● **Given data**:
-----
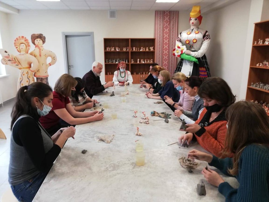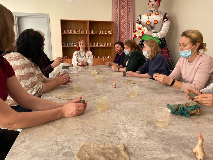 МБУК «Центр культурного развития Краснояружского района» совместно с организацией «Молодежное правительство Краснояружского района Белгородской области» организовали обучающее занятие по изготовлению Старооскольской глиняной игрушки. В рамках реализации проекта «Мобильная студия «От подмастерья до мастера», который реализуется с использованием гранта Президента Российской Федерации, предоставленного Фондом президентских грантов. 15 ноября руководители кружков культурно-досуговых учреждений нашего района побывали в городе Старый Оскол. Они познакомились с традиционным глиняным ремеслом, которым славится край. На базе Старооскольского Центра декоративно-прикладного творчеств состоялся мастер-класс от «Народного мастера России», «Народного мастера Белгородской области», мастера старооскольской традиционной глиняной игрушки Лобынцева Владимира Ивановича и руководителя образцовой студии «Волшебная глинка» Часовских Татьяны Викторовны. Все участники занятия изготовили индивидуальную традиционную старооскольскую глиняную игрушку. В рамках выездного мероприятия краснояружские мастерицы посетили мастерские, сувенирную лавку и выставочный зал Старооскольского Центра декоративно-прикладного творчеств и познакомились с работами мастеров и умельцев учреждения. Участники мастер-класса остались довольны обменом новых творческих идей и готовы к внедрению, полученных знаний и навыков в своей работе.
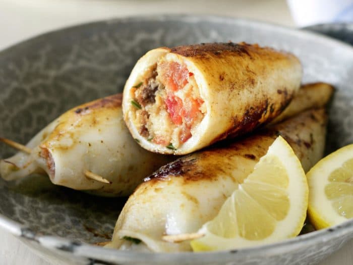 Этот рецепт приготовления фаршированных кальмаров полюбился многим кулинарам за его легкость и быстроту.
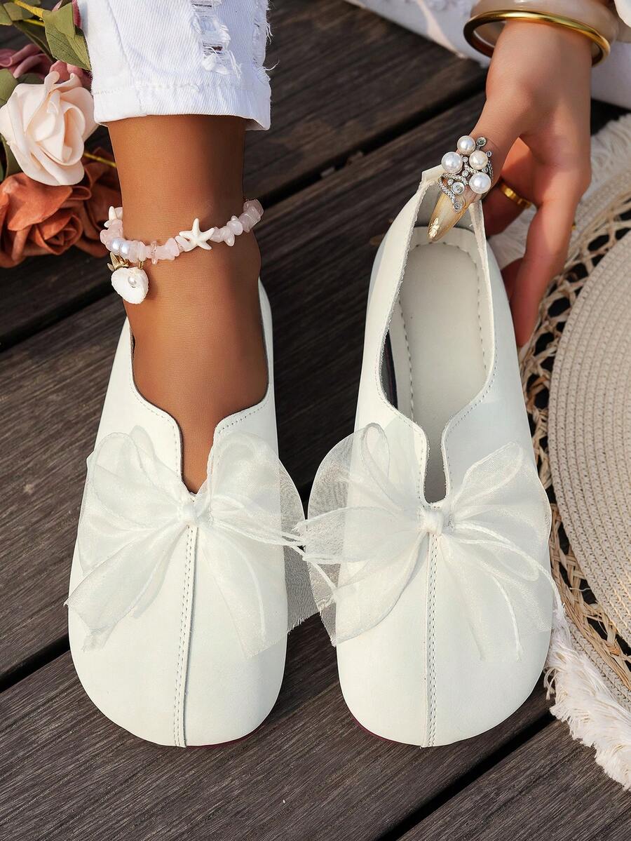 Women Casual Solid Color Soft Outsole Round Toe Ballet Flats With Bow Decor, Fashionable Slip-On Loafers
-----
● **What to work on**: Faithful copy, images left out: write out every line of data.

● **Reply**:
 МБУК «Центр культурного развития Краснояружского района» совместно с организацией «Молодежное правительство Краснояружского района Белгородской области» организовали обучающее занятие по изготовлению Старооскольской глиняной игрушки. В рамках реализации проекта «Мобильная студия «От подмастерья до мастера», который реализуется с использованием гранта Президента Российской Федерации, предоставленного Фондом президентских грантов. 15 ноября руководители кружков культурно-досуговых учреждений нашего района побывали в городе Старый Оскол. Они познакомились с традиционным глиняным ремеслом, которым славится край. На базе Старооскольского Центра декоративно-прикладного творчеств состоялся мастер-класс от «Народного мастера России», «Народного мастера Белгородской области», мастера старооскольской традиционной глиняной игрушки Лобынцева Владимира Ивановича и руководителя образцовой студии «Волшебная глинка» Часовских Татьяны Викторовны. Все участники занятия изготовили индивидуальную традиционную старооскольскую глиняную игрушку. В рамках выездного мероприятия краснояружские мастерицы посетили мастерские, сувенирную лавку и выставочный зал Старооскольского Центра декоративно-прикладного творчеств и познакомились с работами мастеров и умельцев учреждения. Участники мастер-класса остались довольны обменом новых творческих идей и готовы к внедрению, полученных знаний и навыков в своей работе.
 Этот рецепт приготовления фаршированных кальмаров полюбился многим кулинарам за его легкость и быстроту.
 Women Casual Solid Color Soft Outsole Round Toe Ballet Flats With Bow Decor, Fashionable Slip-On Loafers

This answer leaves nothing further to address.